# Mic is very quiet.



## TrooPeRZz (Feb 25, 2011)

For some reason my headset is very quiet. In the past few days, nobody could hardly hear me as well as I can't hear myself.

I check on the "Sound" option, when onto my microphone properties and put the volume of my mic to 100%, but very little sound. The only strange bit I am confused about, is that when I tap my mic with my hands, the volume meter goes up to the max, but when I speak it only vaguely gains up to one bar.

Any help?

My mic is a basic C-Media USB headset.


----------



## WereBo (Apr 5, 2008)

Hi TrooPeRZz :wave:

Is the mic on a little plastic arm that drops down in front of your mouth, or embedded in the headset itself?

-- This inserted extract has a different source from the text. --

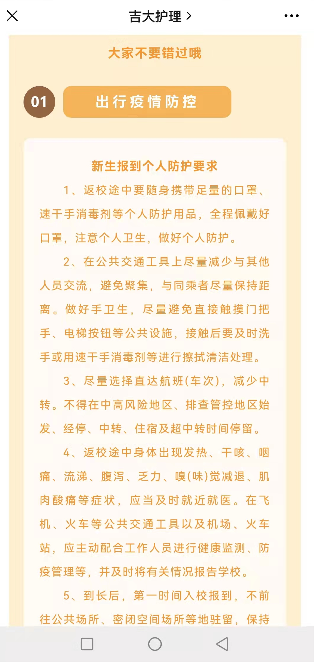 运用新媒体平台开展新生防疫知识宣传和防护指导工作,帮助同学们加强个人防护意识,引导学生正确掌握基本疫情防控措施,确保新生平安来校报到。新生可通过吉大护理公众号新生入学指南系列,全方位了解新生报到的各项准备工作,更加清楚地了解最便捷的报到路线、乘坐校园小巴温馨提示等。除此之外,新生报到的必备材料、报到各项要求也详细地包含在推送中。不仅帮助新生提前做好报到准备工作,还能够帮助新生进一步了解看漫画手机版

If on a moveable arm, try gently bending it so it's closer to your mouth (There might well be a 'bendy' bit for just such adjustments), otherwise it'll likely be a matter of moving the headset around to get the best position, embedded mics often rely on bone-conductance to pick up the voice.


----------



## TrooPeRZz (Feb 25, 2011)

Yes, the mic is on a plastic arm. I have tried moving the arm around but no luck. It can hardly pick up my voice, but if I tap the mic, the sound meter goes up :/


----------



## WereBo (Apr 5, 2008)

Could you post the exact make/model of the headset and whether it's connected via the PC's mic-socket or USB?


----------



## TrooPeRZz (Feb 25, 2011)

All I can find out of the model is that it's a C-Media USB Headphone Set.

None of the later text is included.